START Data provided

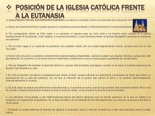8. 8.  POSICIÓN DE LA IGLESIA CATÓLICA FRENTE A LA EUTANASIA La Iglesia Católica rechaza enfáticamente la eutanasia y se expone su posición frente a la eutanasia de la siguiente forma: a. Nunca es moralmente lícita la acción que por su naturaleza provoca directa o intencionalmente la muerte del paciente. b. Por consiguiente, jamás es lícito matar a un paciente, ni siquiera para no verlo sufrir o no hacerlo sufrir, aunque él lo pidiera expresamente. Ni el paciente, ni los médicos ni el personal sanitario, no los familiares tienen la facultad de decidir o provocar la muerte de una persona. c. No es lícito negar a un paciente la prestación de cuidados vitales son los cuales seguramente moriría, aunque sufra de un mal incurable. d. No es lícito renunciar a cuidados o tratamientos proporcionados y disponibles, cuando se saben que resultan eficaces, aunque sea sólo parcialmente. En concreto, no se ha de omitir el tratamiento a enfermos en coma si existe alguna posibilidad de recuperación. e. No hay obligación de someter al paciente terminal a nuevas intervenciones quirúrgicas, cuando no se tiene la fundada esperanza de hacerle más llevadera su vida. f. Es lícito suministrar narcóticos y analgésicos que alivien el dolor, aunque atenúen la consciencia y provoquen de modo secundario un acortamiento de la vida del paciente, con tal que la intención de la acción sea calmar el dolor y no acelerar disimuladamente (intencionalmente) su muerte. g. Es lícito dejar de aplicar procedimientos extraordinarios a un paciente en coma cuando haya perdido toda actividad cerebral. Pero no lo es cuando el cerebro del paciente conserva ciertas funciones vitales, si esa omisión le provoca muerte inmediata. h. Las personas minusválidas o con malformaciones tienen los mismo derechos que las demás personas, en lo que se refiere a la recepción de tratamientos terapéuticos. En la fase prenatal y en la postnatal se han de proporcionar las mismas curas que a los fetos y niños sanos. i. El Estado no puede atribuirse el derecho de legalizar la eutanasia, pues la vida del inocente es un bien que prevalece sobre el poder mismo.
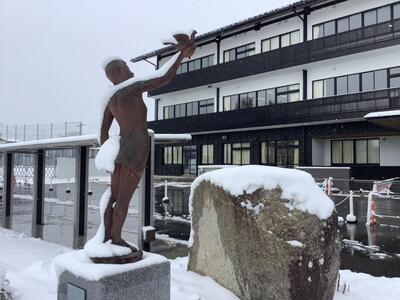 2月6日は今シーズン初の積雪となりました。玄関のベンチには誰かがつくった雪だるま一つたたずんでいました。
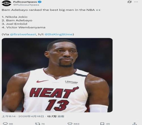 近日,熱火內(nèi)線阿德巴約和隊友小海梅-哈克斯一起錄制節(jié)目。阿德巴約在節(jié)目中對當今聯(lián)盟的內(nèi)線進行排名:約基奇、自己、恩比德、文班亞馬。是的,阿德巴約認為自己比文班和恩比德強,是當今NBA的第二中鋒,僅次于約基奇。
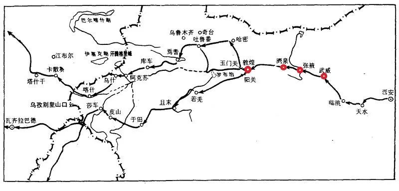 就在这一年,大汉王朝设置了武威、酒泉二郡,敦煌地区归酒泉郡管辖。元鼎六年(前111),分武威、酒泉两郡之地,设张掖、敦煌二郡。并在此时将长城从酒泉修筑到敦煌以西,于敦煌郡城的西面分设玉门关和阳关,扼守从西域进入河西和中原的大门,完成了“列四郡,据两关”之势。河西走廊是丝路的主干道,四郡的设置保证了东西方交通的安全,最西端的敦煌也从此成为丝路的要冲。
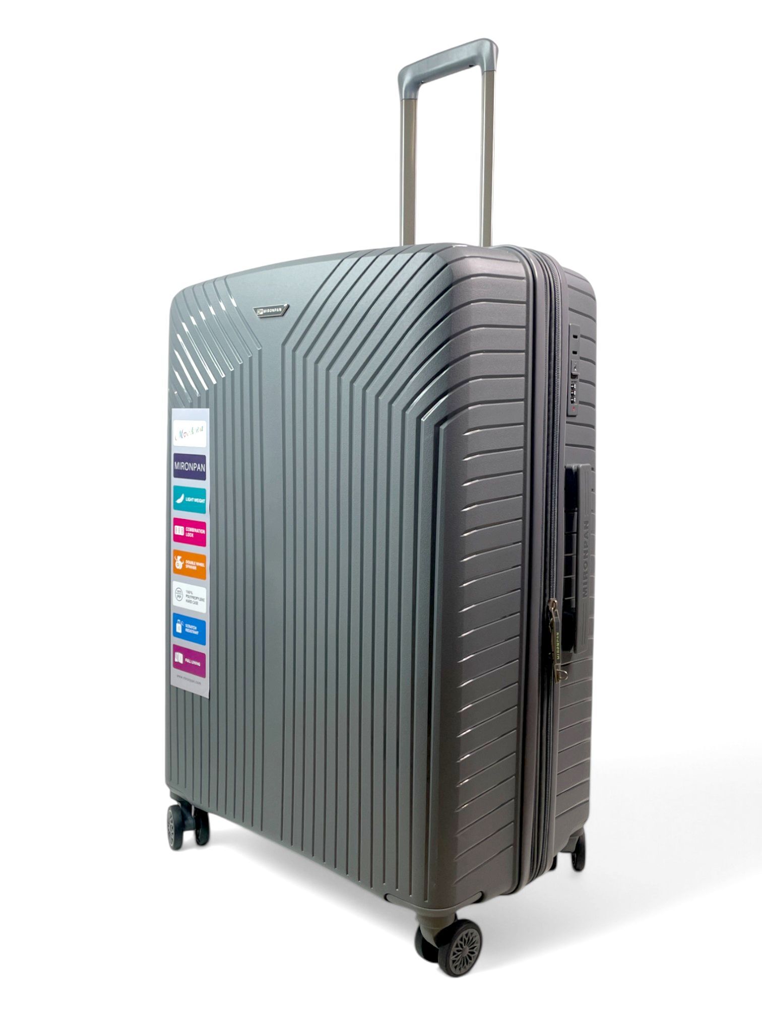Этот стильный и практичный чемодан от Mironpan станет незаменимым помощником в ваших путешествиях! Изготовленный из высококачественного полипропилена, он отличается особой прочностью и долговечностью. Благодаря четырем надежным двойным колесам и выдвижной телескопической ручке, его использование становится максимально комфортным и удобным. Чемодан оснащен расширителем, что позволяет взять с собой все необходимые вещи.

END Data provided

• [Task statement]
Beginning at the line above that contains "近日,熱火內(nèi)線阿德", repeat each line exactly through the one that contains "就在这一年,大汉王朝设置了武", and leave out the pictures.

• [Your response]
 近日,熱火內(nèi)線阿德巴約和隊友小海梅-哈克斯一起錄制節(jié)目。阿德巴約在節(jié)目中對當今聯(lián)盟的內(nèi)線進行排名:約基奇、自己、恩比德、文班亞馬。是的,阿德巴約認為自己比文班和恩比德強,是當今NBA的第二中鋒,僅次于約基奇。
 就在这一年,大汉王朝设置了武威、酒泉二郡,敦煌地区归酒泉郡管辖。元鼎六年(前111),分武威、酒泉两郡之地,设张掖、敦煌二郡。并在此时将长城从酒泉修筑到敦煌以西,于敦煌郡城的西面分设玉门关和阳关,扼守从西域进入河西和中原的大门,完成了“列四郡,据两关”之势。河西走廊是丝路的主干道,四郡的设置保证了东西方交通的安全,最西端的敦煌也从此成为丝路的要冲。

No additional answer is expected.